Alef, another newspaper owned by an Iranian hardliner, published an editorial stating that mistrust of the Taliban is justified.
“Although the Taliban have not had hostile relations with Iran for years and have now given a safe deposit to the Shiites of Afghanistan, how much can we trust Salafist groups of this kind?” reads the editorial published on June 26. “If this group can dominate the whole of Afghanistan, how confident can we be about not changing its ideological nature and not leaping at the level of its ideals and goals?
Diplomatically, the Iranian regime has been trying to keep the Taliban on its good side, although behind the scenes, it’s preparing itself for a military confrontation and has put its Islamic guards on high alert on its border with Afghanistan, according to Radio Farda, an Iranian broadcaster managed by the U.S. government.
Iran’s Tasnim news agency also reported about the IRGC being on high alert on the country’s border with Afghanistan but claimed the threat was from smugglers and outlaws rather than the Taliban, and said the border is calm.

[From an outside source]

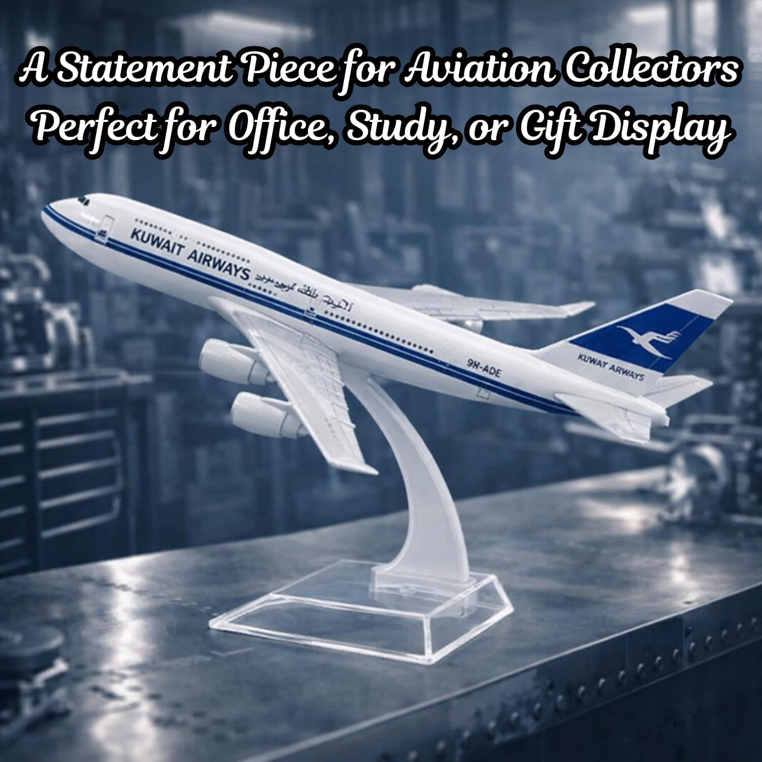 Bring home the grandeur of international aviation with the Kuwait Airways B747 1 : 300 Metal Die-Cast Aircraft Model — a finely crafted miniature that captures the beauty and innovation of modern flight. At 16 cm in length, this compact yet detailed airliner offers an ideal blend of elegance, authenticity and practicality for collectors, aviation professionals and decor enthusiasts alike.Crafted with Precision & Purpose:The B747 model is constructed from die-cast metal and reinforced ABS components to achieve both strength and refinement. Each section — the cockpit, wings, tail and engine pods — is carefully shaped to mirror the graceful architecture of the real aircraft. Its smooth finish and accurate paintwork highlight the Srilankan Airline color scheme and signature tail logo, creating a miniature that is both realistic and visually appealing.The metal composition ensures durability while maintaining a balanced weight that feels solid in hand and stable on display. It resists chipping and fading, allowing it to retain its shine and polish for years, even with regular use or movement.Elegant Acrylic Stand:Each model comes with a transparent acrylic display stand that holds the aircraft in a flight-takeoff position. The crystal-clear base adds sophistication while focusing attention on the plane itself. The stand is lightweight, easy to assemble and can be detached for storage or transport. When placed on a desk or shelf, it creates a captivating “in-motion” display effect that adds life to any space.A Perfect Gift for Aviation Fans:Whether you’re celebrating a special occasion or simply want to inspire someone who loves flying, this B747 metal model makes an excellent gift. It’s ideal for pilots, students, travel agents and frequent flyers who cherish air travel and aircraft design. Its sleek look and symbolic value make it a conversation starter in both professional and personal spaces.Educational & Inspirational Value:Beyond being a display item, this model is an effective visual aid for explaining aerodynamics, airplane components and mechanics. It encourages interest in aviation and STEM subjects among young learners. The B747 miniature reminds its owner of progress, discipline and innovation — qualities at the heart of modern engineering and air travel.Compact Design & Display Versatility:At 16 cm in length, this airplane model offers a perfect balance between detail and portability. It fits effortlessly on office tables, glass showcases or bedroom shelves without taking excess space. Its metallic paint reflects light beautifully, and the clear stand gives the appearance of flight — making it a charming addition to any decorative arrangement.Why Choose This B747 Model:– Die-cast metal construction with precise engraved details.– 1 : 300 scale for realistic proportions and visual impact.– Clear acrylic stand for a professional, in-flight display look.– Compact and lightweight for easy placement and storage.– Suitable for education, decoration and collection.– A symbol of flight, freedom and global connection.Conclusion:Celebrate the spirit of innovation and global travel with the Kuwait Airways B747 16 cm Metal Model. Its refined craftsmanship, durable structure and realistic finish make it more than just a toy — it’s a tribute to modern aviation and the passion for flight. Whether you display it at home, gift it to an aviation enthusiast or use it as an educational piece, this model brings a touch of wanderlust and engineering marvel to your world.

Bahrami said that while Iran and the Taliban seem to have a tactical friendship, they have long been sworn enemies.
“The U.S. overthrew the Taliban because of its terrorism, but the Taliban was an enemy against Iran. Since 2001, Iran has exploited the situation as its enemy [Taliban] has become a tactical friend. If the U.S. wants to destabilize Iran’s eastern borders, the Taliban can do this and its structure and anti-Shiite ideology encourage them to do so,” Bahrami said.
“Iran smells a threat from the Taliban. If it moves toward making a [nuclear] bomb or wants to do anything else against the U.S., the U.S. or a country like Saudi Arabia can push the Taliban against Iran.”